Problem description: In the entries below, find the line with "SVĚTLOMETY ANGEL EYES", then set it down exactly along with each line after it to the end, skipping any pictures.

-------- Data supplied --------

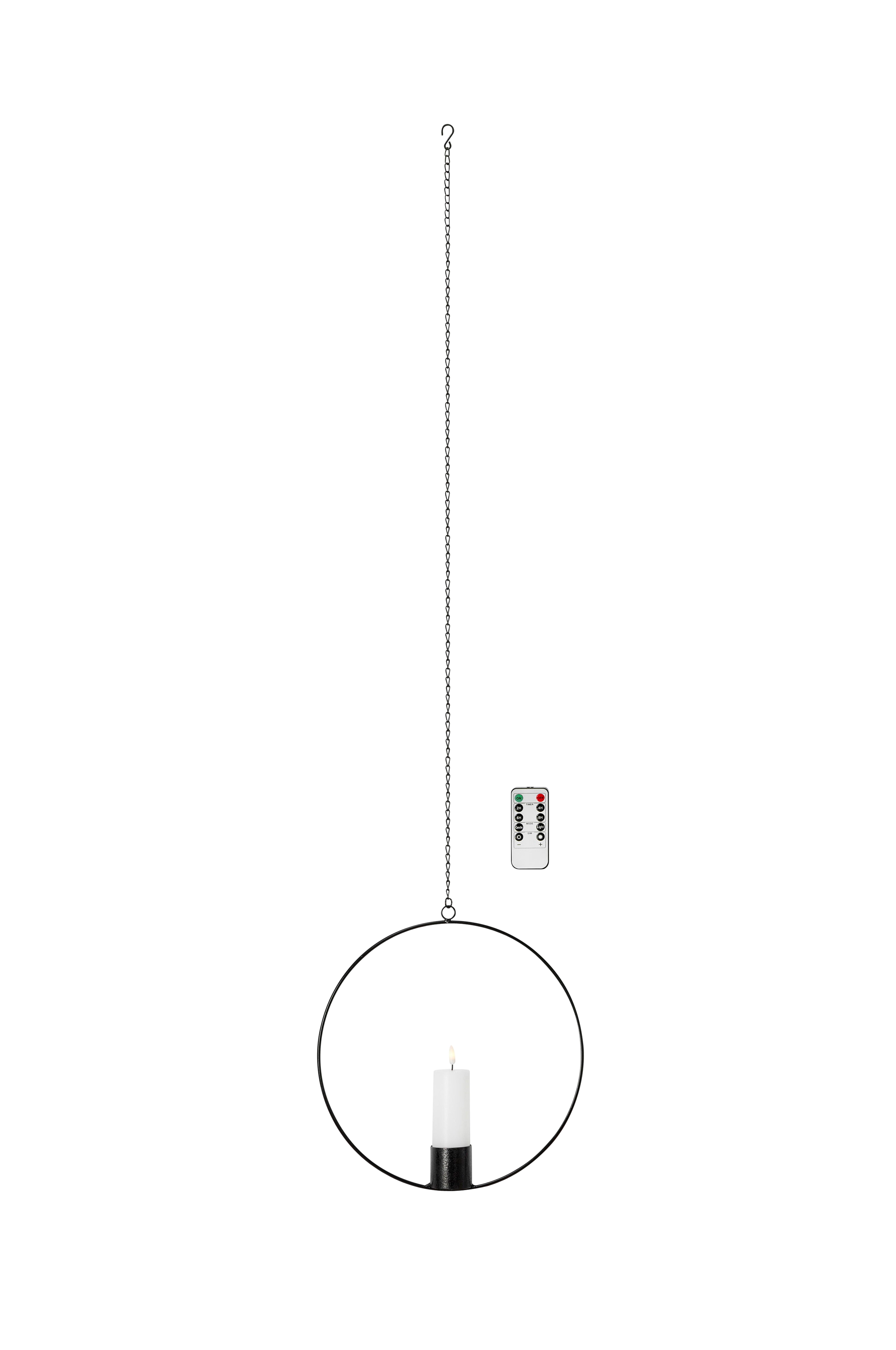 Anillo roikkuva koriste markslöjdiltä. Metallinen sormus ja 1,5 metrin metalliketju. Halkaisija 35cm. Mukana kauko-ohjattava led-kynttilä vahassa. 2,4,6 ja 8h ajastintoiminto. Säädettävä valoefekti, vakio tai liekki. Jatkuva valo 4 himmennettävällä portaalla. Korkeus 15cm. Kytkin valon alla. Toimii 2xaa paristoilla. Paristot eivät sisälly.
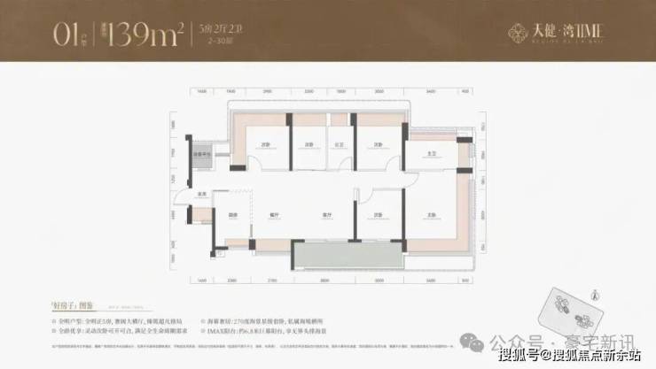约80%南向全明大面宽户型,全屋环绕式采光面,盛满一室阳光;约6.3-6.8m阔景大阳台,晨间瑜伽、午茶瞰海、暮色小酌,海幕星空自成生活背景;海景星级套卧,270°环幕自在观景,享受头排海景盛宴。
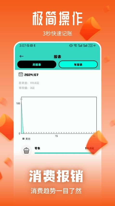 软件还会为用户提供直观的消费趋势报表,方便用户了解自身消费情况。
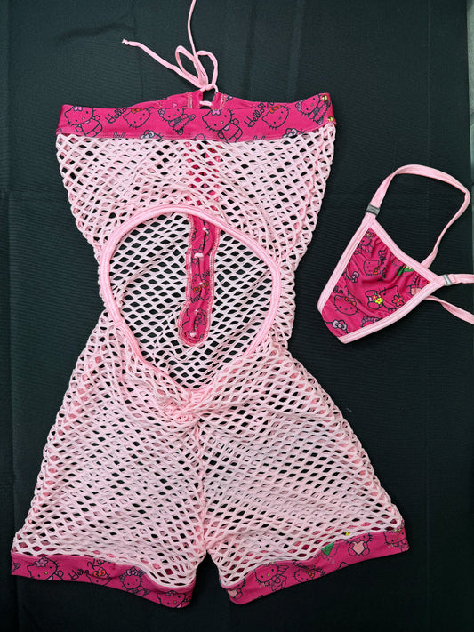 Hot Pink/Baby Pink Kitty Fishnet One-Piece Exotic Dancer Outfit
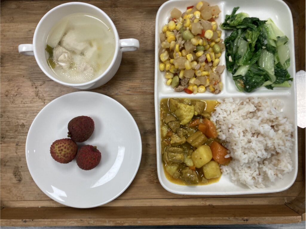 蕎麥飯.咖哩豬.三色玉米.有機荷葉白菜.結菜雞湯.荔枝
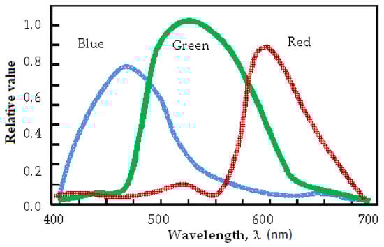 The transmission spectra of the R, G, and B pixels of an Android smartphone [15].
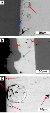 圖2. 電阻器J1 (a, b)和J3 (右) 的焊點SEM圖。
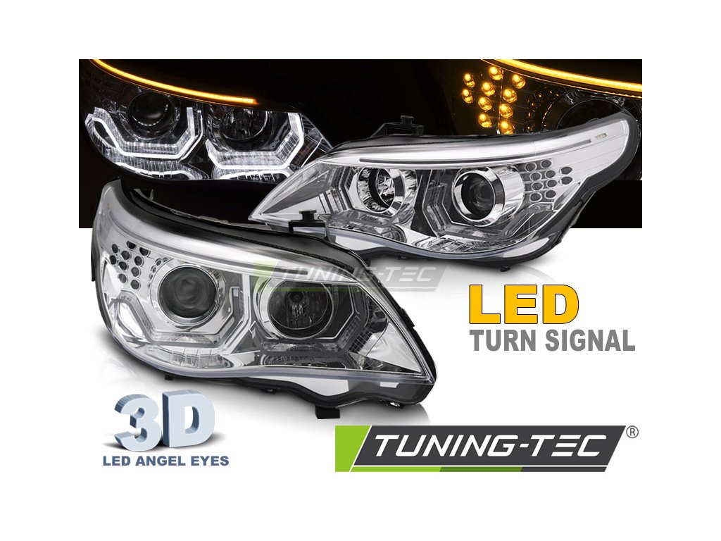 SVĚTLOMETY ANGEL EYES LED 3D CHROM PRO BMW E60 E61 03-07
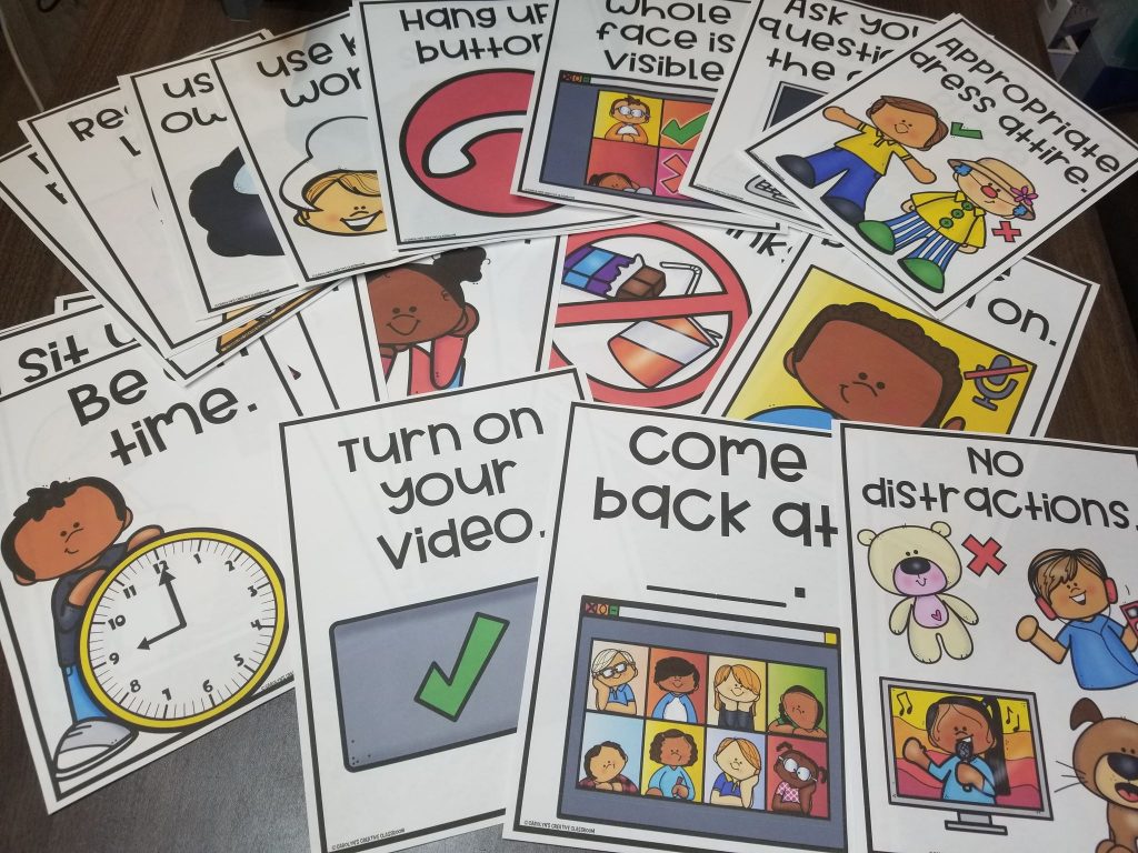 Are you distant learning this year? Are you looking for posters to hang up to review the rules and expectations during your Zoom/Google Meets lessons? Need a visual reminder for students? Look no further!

--------

Written answer:
 SVĚTLOMETY ANGEL EYES LED 3D CHROM PRO BMW E60 E61 03-07
 Are you distant learning this year? Are you looking for posters to hang up to review the rules and expectations during your Zoom/Google Meets lessons? Need a visual reminder for students? Look no further!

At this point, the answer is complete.